REPLAY, RELOAD, RE-TUNE
12 February 2018 - 24 March 2018
DANCEHOUSE PUBLIC PROGRAM
With this program, we were particularly interested in exploring how choreography refracts and intervenes within this century of hyper individualisation, the utter 'selfie-isation' of our selves at a time of disquieting populism and increasing precarity. As neoliberalism continues to insidiously erode the social, the humane and any collective mode of action, whilst proclaiming the self-sufficient individual as the only player, we hope that choreography today can propose new forms of being and of coming together: new modes of activating agency, responsibility and care; new forms or re-tuning the self to re-invent imagination, participation and sensitivity.
PERFORMANCE
AN EVENING OF SOLO WORKS - MEG STUART
Choreography and performance: Meg Stuart
Technical direction: Jitske Vandenbussche
Light: Gilles Roosen
Sound: Vincent Malstaf
How to translate sensations and inner monologues into movement? Is it possible to track the hesitation before speaking, the movements not chosen, the spaces we travel to when we are daydreaming, the memories and projections that cloud our awareness of the present? - Meg Stuart
Over the past few years, American choreographer Meg Stuart has created several solos, exploring everyday movements and physical conditions. An evening of solo works presents a selection of these former solo works, as well as excerpts from evening-length performances. This iteration features an exquisite selection of the artist's body of solo works such as XXX for Arlene and Colleagues (1995) and Signs of Affection (2010), as well as excerpts from evening-length performances such as Hunter (2014) and Maybe Forever (2007).

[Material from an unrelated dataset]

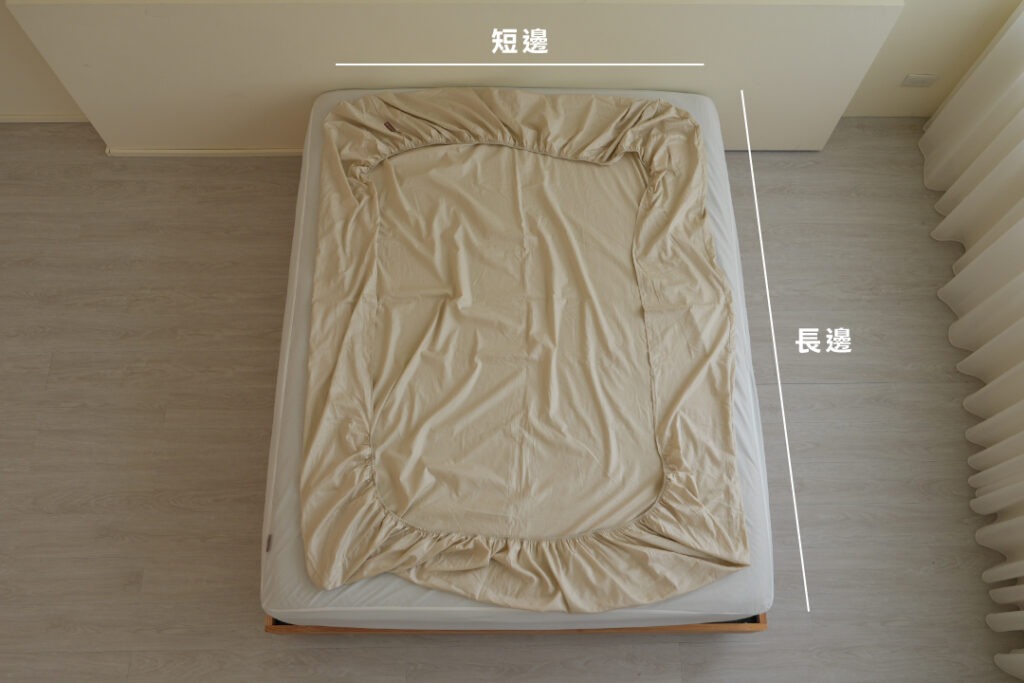 在開始教學床包折法之前,我們要先來分辨床包的長邊與短邊,以免判斷錯誤,導致折好後的形狀會不整齊,床包收納體積也會變大。首先,可以利用手臂將床包撐開,如果可以輕鬆撐開,拉至最大寬度,代表那一側為「短邊」。若張開後間距較長,無法完整將床包攤開,代表那一側為「長邊」。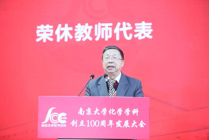 荣休教师代表、南京大学化学化工学院资深教授薛奇见证并亲身参与了南大化学学科到化学化工学院的成长与发展。他号召中青年科学研究者要向化学学科的前辈师长们学习,传承艰苦奋斗、敢为人先的精神。

Where: Space 28, Victoria College fo the Arts
Date: 23-24 March
REPLAY - ESZTER SALAMON
Public outcome of choreographic lab led by ESZTER SALAMON assisted by Boglàrka Börcsök
With: Alice Heyward, Amaara Raheem (VIC),Carlie Angel (SA),Deanne Butterworth (VIC),Diane Busuttil (NSW),Lydia Connolly-Hiatt (VIC), Niharika Senapati (VIC), Nikki Heywood (NSW), Patricia Wood (NSW), Sofie Burgoyne (VIC)
REPLAY explores the history and historicity of the gaze and perception related to female bodies by using the Kama Sutra as the basis of the choreography. Constructing a dramaturgy based on the gaze renders visible the constantly changing power dynamics between the performers, and also between the performers and the spectators. This 'play' is about the pleasure of moving and of watching movement, as well as the pleasure of undoing certain boundaries related to behavioral norms. REPLAY offered 10 Australian female performers an opportunity to explore these choreographic enquiries in a 2-week experimental choreographic lab culminating in this public presentation.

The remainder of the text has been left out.